Michael Oswald ist Innovationsleiter bei Refco. Das Unternehmen ist spezialisiert auf Komponenten für Kälte- und Klimatechnik und fertigt unter anderem Vakuumpumpen für Klimaanlagen. Die Vision lautet: Mit den Pumpenverkäufen den Umsatz signifikant steigern. Dafür entwickeln die Schweizer ihre Komponenten stetig weiter, um den praktischen Bedarf der Anwender möglichst breit bedienen zu können.

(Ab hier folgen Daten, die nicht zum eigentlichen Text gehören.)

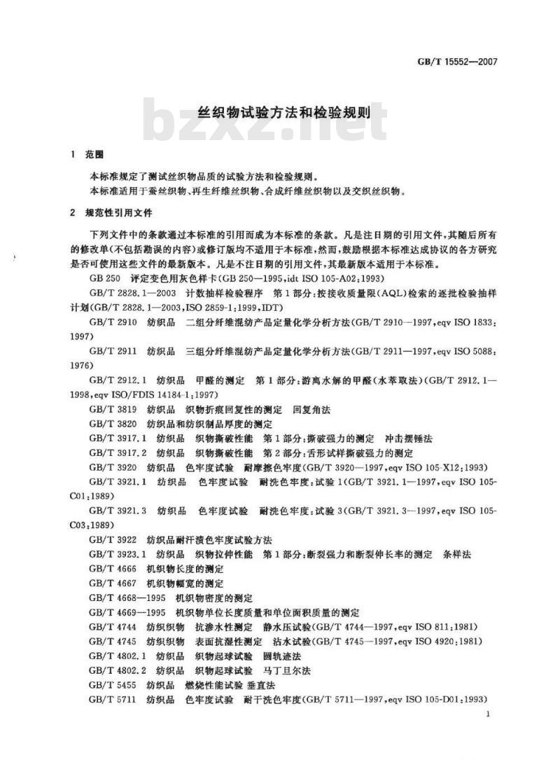 - GB/T 15552-2007 丝织物试验方法和检验规则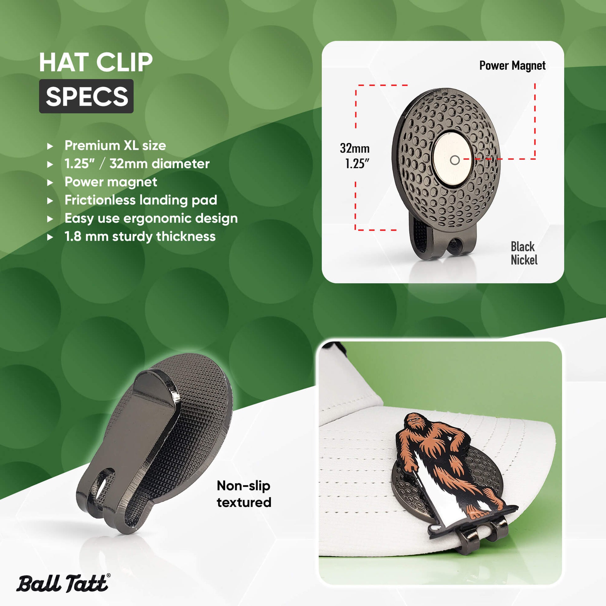- 32mm DIAMETER HATCLIP: Power magnetic with larger landing pad designed for easy snap on and removal of custom sized ball markers - gun metal nickel.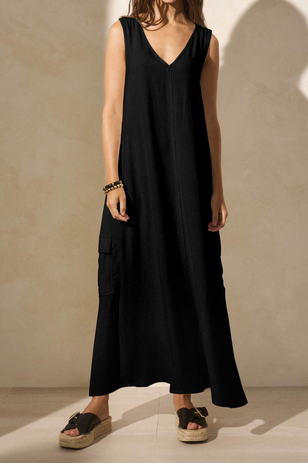 Sleeveless Cargo V Neck Dress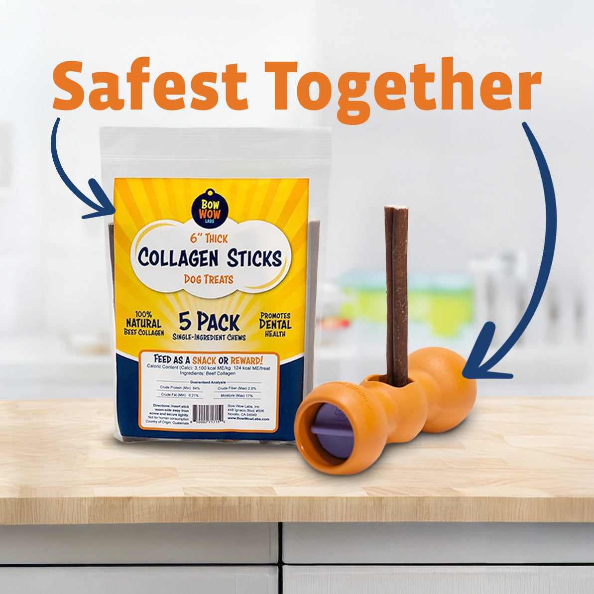 The Smart Collagen Stick Bundle is a convenient way to promote whole body health and start safe chewing habits with puppies and dogs. The Bow Wow Buddy® Safety Device secures collagen sticks to help prevent pups from choking on the last bite of the stick. To fill the holder, you’ll get five SafeFit® Collagen Sticks that have been hand-selected to fit securely in the Bow Wow Buddy®.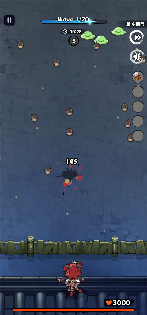 3、界面上方的数值清晰展示了当前敌人波次以及关卡的总波次数,方便玩家掌握战斗进度。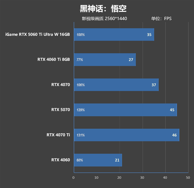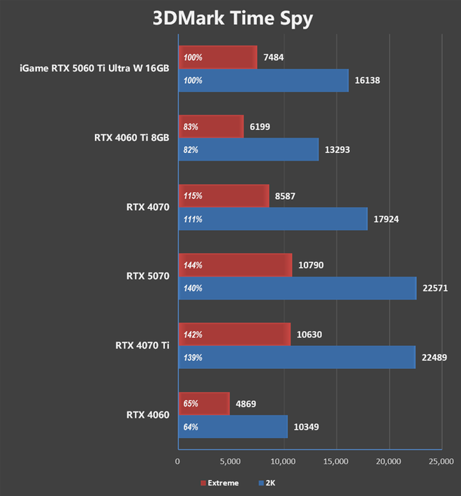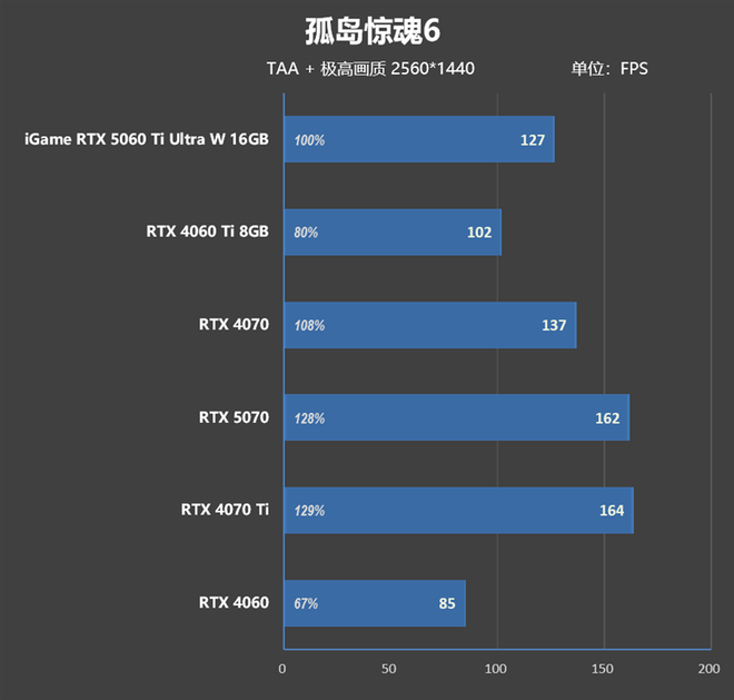 在性能方面,iGame RTX 5060 Ti Ultra W 16GB的加速频率比公版高了60MHz,其实际游戏性能比起上代的RTX 4060 Ti 8GB要强了25%左右,稍弱于RTX 4070。

Eine der jüngsten Entwicklungen ist die Vamp-F, eine Kondensatpumpe mit integriertem Reservoir und optischem Niveausensor. Sie sollte funktional aufs Wesentliche reduziert sein. Und eben kleiner als alle anderen Pumpen am Markt. Größenvorgabe: etwa eine halbe Papprolle, maximal 26 mm.

Schnell waren drei Elemente definiert, über die diese zu erreichen war. Zunächst wurde die enthaltene Membranpumpe in kleiner Bauhöhe in Auftrag gegeben. Dann wurde mit der optischen Füllstandsmessung per Licht eine platzsparende Sensoriklösung gefunden. Das dritte Element war die Größe des Endprodukts. „Hier war klar: Wollen wir kleiner bauen, müssen wir auf das Gehäuse verzichten“, so Oswald. Die Kondensatpumpe sollte im Vollverguss per Hotmelt Moulding gefertigt werden. Damit würden neben einer kompakten Baugröße auch die nötige Dichtheit sowie ein wirtschaftlicher, zeitsparender Fertigungsprozess realisiert.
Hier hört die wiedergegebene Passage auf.